[Opening Data to use section]
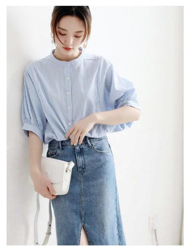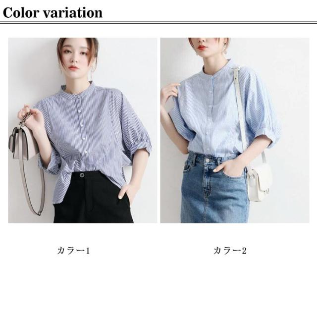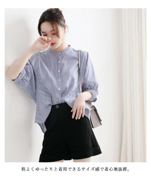 シャツ レディース おしゃれ 夏 ドルマンスリーブ スタンドカラー ストライプ柄 シャツブラウス ストライプ シャツ 立ち襟 襟付き シャツ 春夏 トップス M L XL 2XL 3XL
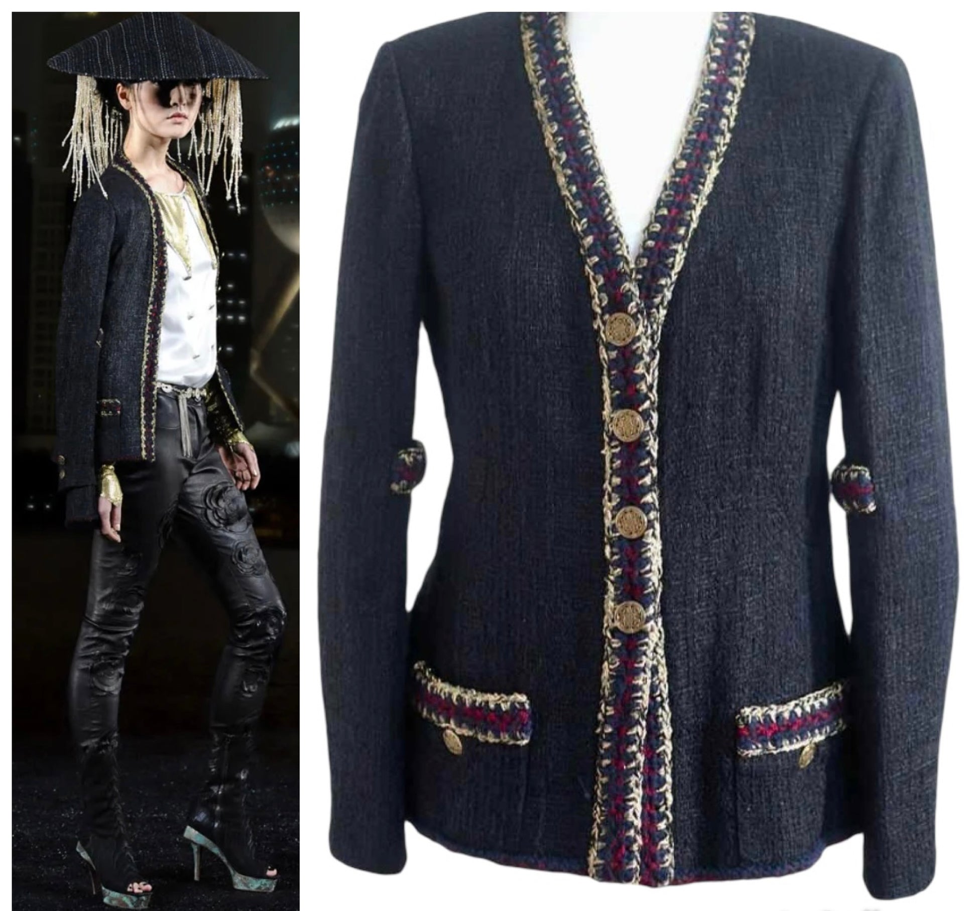 CHANEL 10A PARIS-SHANGHAI BLACK TWEED BRAIDED TRIM JACKET FR 34
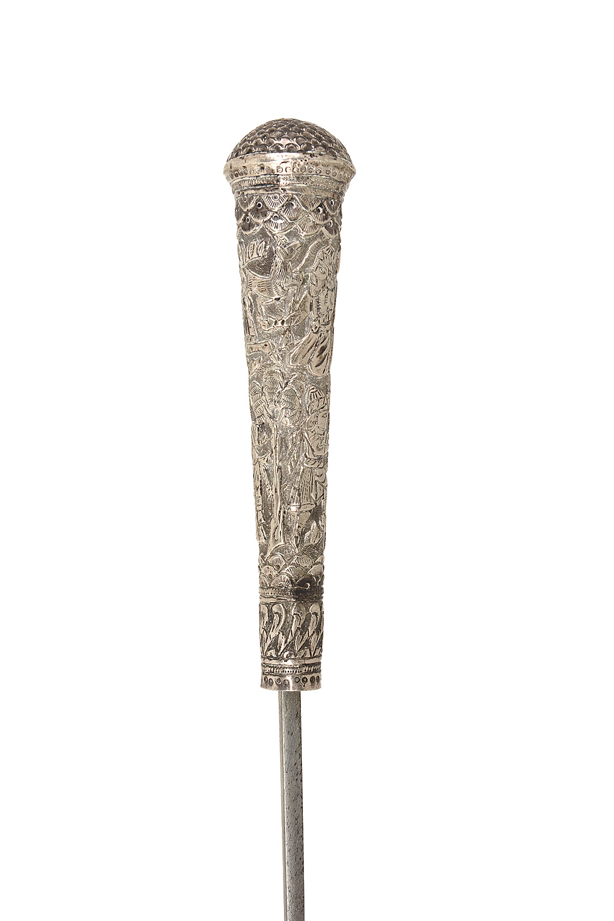 AN INDO-PERSIAN WHITE METAL MOUNTED SWORDSTICK, early 20th Century, white metal handle with rounded pommel, depicting stylised figures and animals extending 5 1/2 in. down the cane, brass ferrule with steel heel, 27 in. square steel blade, 35 in. overall
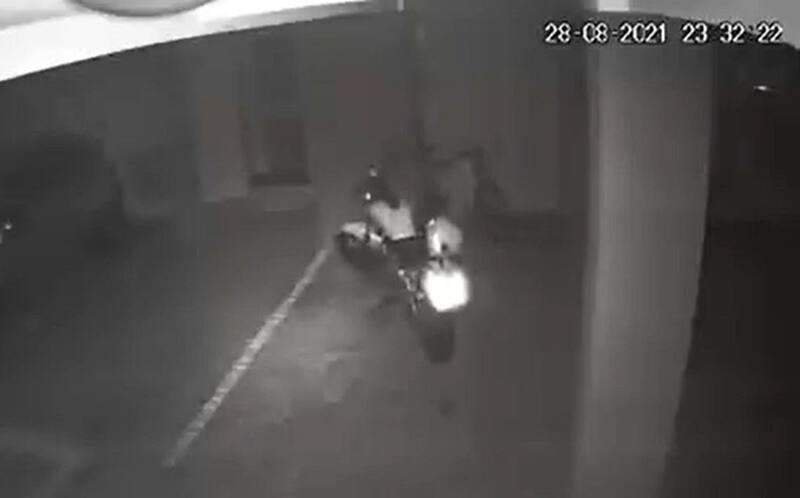 El video fue captado por las cámaras de seguridad del estacionamiento del edificio. En él se ve cómo la motocicleta se prende de la nada, da una vuelta e impacta a un auto.
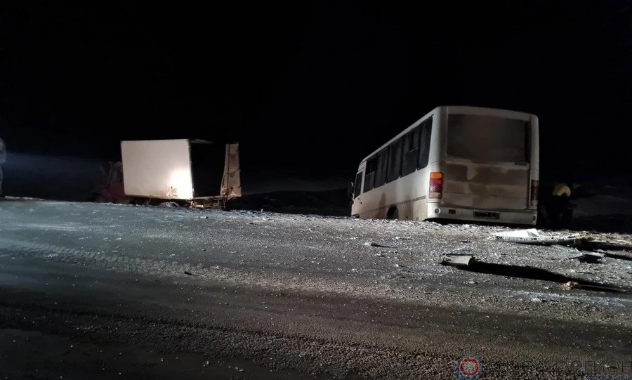 Грузовик ГАЗ стоял на проезжей части, когда в него влетел автобус.
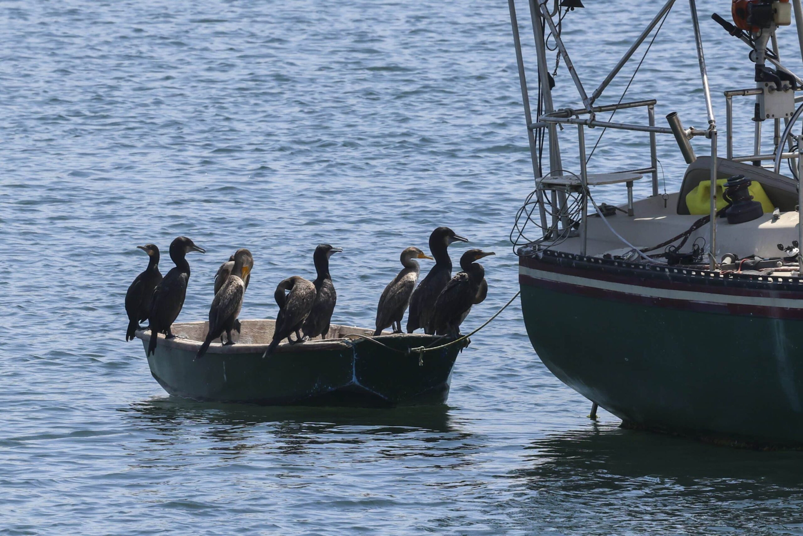 Our wildlife viewing began just a minute after we left the dock. Hundreds of birds and a dozen California sea lions, our feathered and flippered friends. We saw brown pelicans, snowy egrets, great egrets, Brandt’s cormorants, western gulls, Heermann’s gulls, and a great blue heron. Many of the birds were resting and maybe 25% of them were staring below through the slats to the live bait fish, kept in netted pens below. Now and then a quick jab and the bird is successful in having a sardine meal. Red-necked phalaropes were seen a couple of miles out of the Channel entrance. These are technically shorebirds that spin in circles at the surface and stab tiny copepods and other zooplankton, such as krill, for a meal.
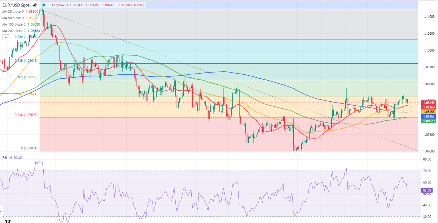EUR/USD reversed its direction after testing 1.0860 (Fibonacci 38.2% retracement of the latest downtrend), confirming this level as strong resistance. On the downside, 1.0835 (200-period Simple Moving Average (SMA) on the 4-hour chart) aligns as first support before 1.0800 (psychological level, Fibonacci 23.6% retracement) and 1.0760 (static level).
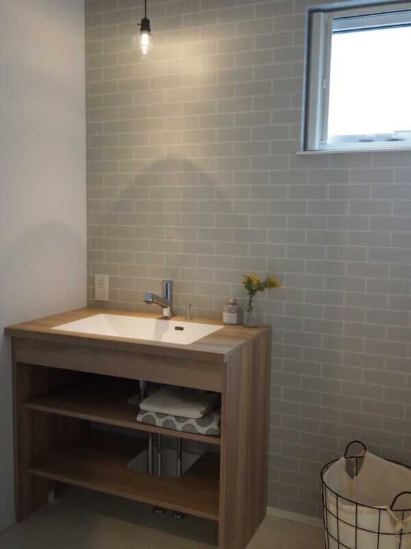 グレーのアクセントクロスに落ち着いた色味の洗面化粧台✨
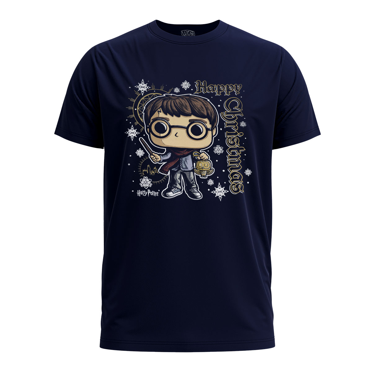 Essa camiseta é estampada com o personagem Harry Potter lançando sua magia com uma varinha em uma mão e na outra uma coruja dourada. Saudações de feriado de Hogwarts™ assumem a forma de “Feliz Natal”, em letras douradas alegres.
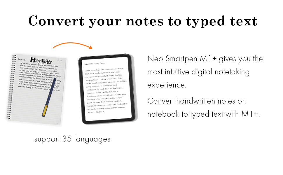 يلتقط كتابتك اليدوية في شكل رقمي - يحتوي Neo Smartpen M1+ على كاميرا صغيرة بالداخل تسجل كتابتك ثم ترسل هذه البيانات إلى جهازك (الهاتف الذكي أو الجهاز اللوحي).
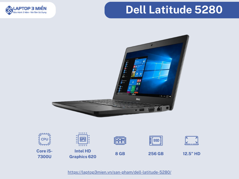 Dell Latitude 5280 là một chiếc laptop đáng tin cậy và linh hoạt, được thiết kế đặc biệt cho nhu cầu công việc và học tập.
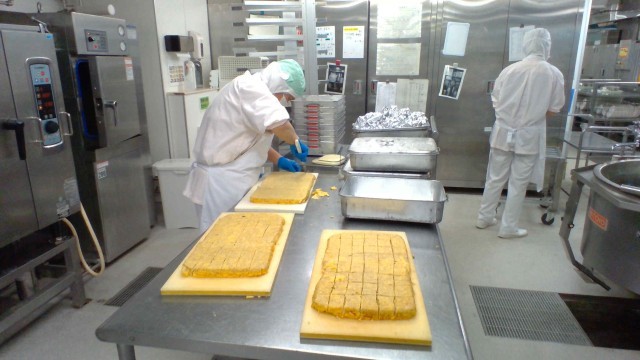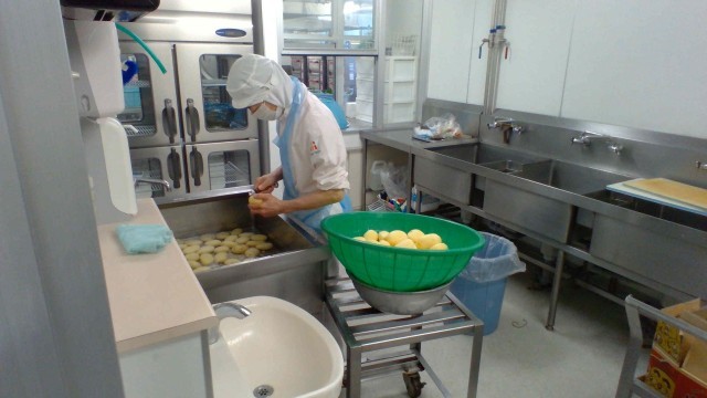 給食で使うじゃがいもは、いも専用の機械で皮をむいてから、1つ1つ芽取りをして使います。市販のじゃがいもよりも大きなサイズですが、量が多いと大変です。他の野菜も流水で3回洗ってから、料理に合わせて切っていきます。今日の卵焼きは、切干大根と豚ひき肉入りです。切干大根を入れるとふんわりした食感に仕上がります。わかめご飯と卵焼きが人気で、おかわりする人もたくさんいました。
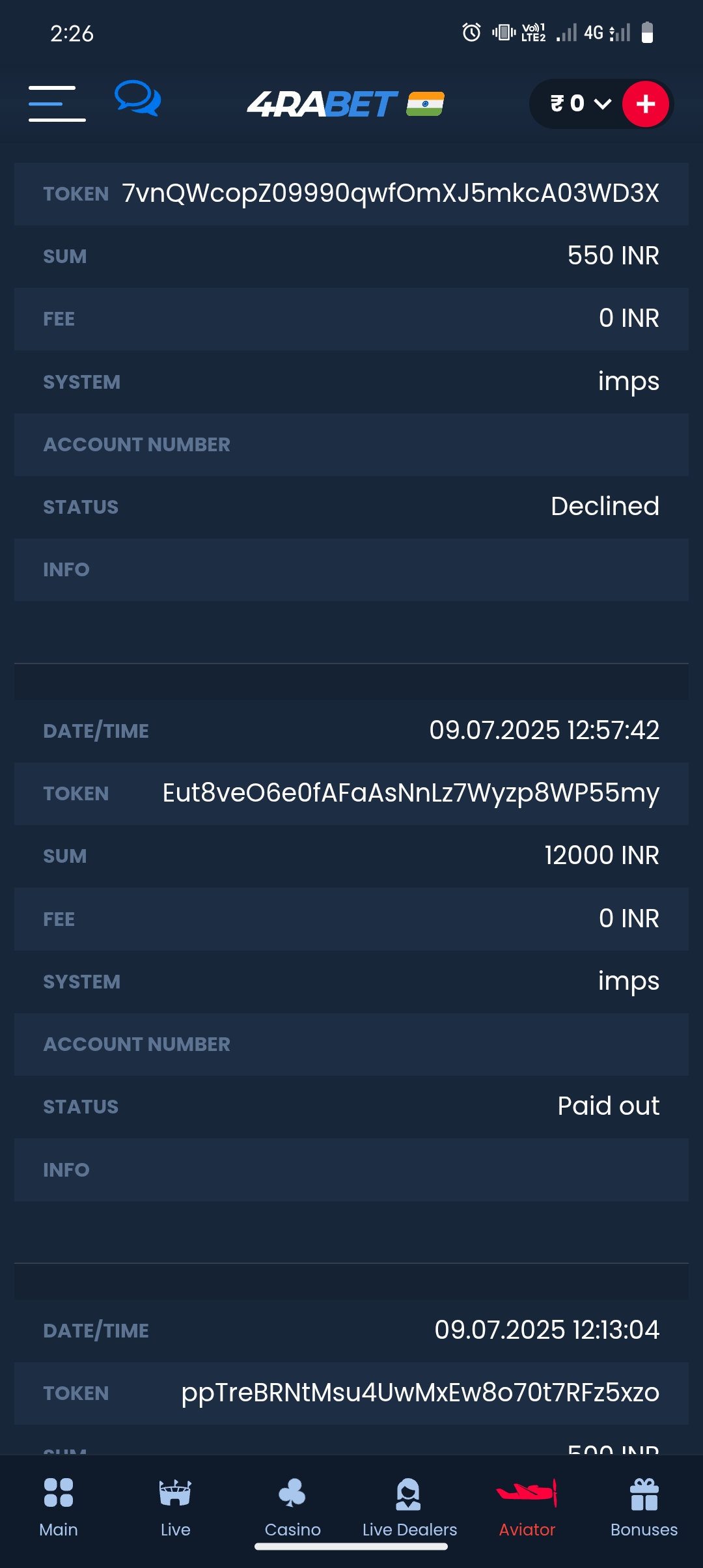On 9 july i deposited 5000 inr to 4rabet I win in aviator like 13000 after That I withdraw 500 Rs then it comes to my account.after that i forgot to logout my account and in few minutes 2 transactions automatically transferred to any account 1 transaction of 796 credited to my account but 12000 is not credited in my bank account.i reach to customer helpline they tell me wait for 48 hours it is Waiting period after 48 hours completed I repeat say withdrawal issue then they saying that your money is transferred into another account and you have to worry about it they are doing fraud with. Us
[Closing Data to use section]
What you should do
No pictures should appear; only the lines from the first line of the records through the line with "CHANEL 10A PARIS-SHANGHAI", both included, are to be restated word for word.

Result below
 シャツ レディース おしゃれ 夏 ドルマンスリーブ スタンドカラー ストライプ柄 シャツブラウス ストライプ シャツ 立ち襟 襟付き シャツ 春夏 トップス M L XL 2XL 3XL
 CHANEL 10A PARIS-SHANGHAI BLACK TWEED BRAIDED TRIM JACKET FR 34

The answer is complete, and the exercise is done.